One of your first considerations in building your data lake will be storage. There are three basic types of data storage: immutable raw storage, optimized storage, and scratch databases. The type of data and how you use it will determine which data goes where.

Immutable Raw Storage Bucket

Data kept in immutable storage cannot, and should not, be changed after it has been written. In an immutable raw storage area in your data lake, you store data that hasn’t been scrubbed. You might never have even looked at it. But it should have sufficient self-descriptive language, or metadata, around it—such as table names and column names—so that you can determine where the data came from. You might store it in a text format such as JavaScript Object Notation (JSON) or comma-separated values (CSV), or perhaps even Apache Avro. Most people choose to store it in either JSON or CSV files.

Immutable raw storage fills many data storage needs. Three of the most important are:

Disaster recovery

If anything ever happens to the original data stores, you have an exact replica.

Forensic analysis

Immutable raw storage records can be used to trace problems, such as when bugs were introduced into a program.

Ability to re-create and update optimized formats

Immutable raw storage ensures that the data is always there in its original state, to be used again if needed.

For example, if your transactional tables are dumped every morning into the immutable raw storage area, you would have snapshots of data, which is very important for the three aforementioned reasons. Financial companies may need these snapshots to review data and see how it has changed over time. You might need these tables if you’re ever audited, or if transformed files become corrupted.

After you have an audit table, transactional systems become unwieldy and difficult to manage—that’s why you want a raw data bucket. You shouldn’t change the data in it; after all, it’s raw, static, slow, and pretty damn dirty. But you can query and optimize it.


When you create this raw storage area, remove all “destructive” privileges from the data to ensure that no one can alter or delete it. You also need to do careful access control if the data contains any personally identifiable information (PII).

Optimized Storage Bucket

As your raw data grows, your queries into it become slower.

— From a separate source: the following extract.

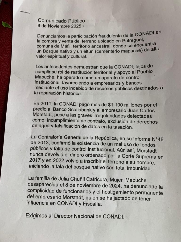 La familia de Julia Chuñil Catricura, Mujer Mapuche desaparecida el 8 de noviembre de 2024, ha denunciado la complicidad de funcionarios y el hostigamiento permanente del empresario Morstadt, quien se ha jactado de tener influencia en CONADI y Fiscalía.

No one likes waiting hours to see whether their query succeeds, only to find that it failed. Data scientists and analysts need their questions answered to turn data into insights faster than that. To gain this speed, transforming your data by storing it using one of the many optimized formats available. Three open source choices are Parquet, optimized row column (ORC), and Avro.

Apache Parquet

Apache Parquet (Figure 4-1) is an open source, column-oriented storage format for Hadoop. Parquet is optimized to work with complex data in bulk and includes methods for efficient data compression and encoding types.

The Parquet file structure
Figure 4-1. The Parquet file structure


ORC (Figure 4-2) stores collections of rows in one file, with the row data stored in a columnar format. This allows parallel processing of row collections across a cluster. Each file with the columnar layout is optimized for compression. Skipping data and columns reduces both read and decompression loads.

The ORC file structure
Figure 4-2. The ORC file structure


Avro (Figure 4-3) is a remote procedure call and data serialization framework. Developed within Apache’s Hadoop project, it uses JSON to define data types and protocols, and serializes data in a compact binary format.

The Avro file format
Figure 4-3. The Avro file format

You can split files stored in Parquet, ORC, and Avro formats across multiple disks, which enables scalability and parallel processing. JSON and XML files cannot be split, which seriously limits their usefulness.

All three formats carry the data schema within the files themselves, which is to say they’re self-described. You can take an ORC, Parquet, or Avro file from one cluster and load it on a completely different machine, and the machine will know what the data is and be able to process it.

In addition to being file formats, Parquet, ORC, and Avro are also on-the-wire formats, which means you can use them to pass data between nodes in your Hadoop cluster. Table 4-1 compares the characteristics of the formats.

Table 4-1. Qualities of ORC, Parquet, and Avro
ORC Parquet Avro
Row or column Column Column Row
Compression Great Great Good
Speedup (compared to text file) 10–100x 10–100x 10x
Schema evolution Good Better Best
Platforms Hive, Spark, Presto Hive, Spark, Presto Hive, Spark
Splittability Best Best Better
File statistics Yes Yes No
Indexes Yes Yes No
Bloom filters Yes No No

Scratch Database

Finally, you will usually create what are called user scratch databases. These are necessary because data scientists and analysts will want to take data out of the optimized schema and build test tables for their own purposes. But because you don’t want anyone to inadvertently mess up your data lake—or turn it into a data swamp—you need a place where users can have their own little sandboxes to play in that won’t mess up the clean, well-defined, and well-structured data in the optimal data space.

For this, too, you need governance. How big can these databases be? How do you monitor them? Do you need an automated report fired off each week to remind people to clean up their data? There’s a lot of housekeeping to perform when you have scratch databases in your data lake.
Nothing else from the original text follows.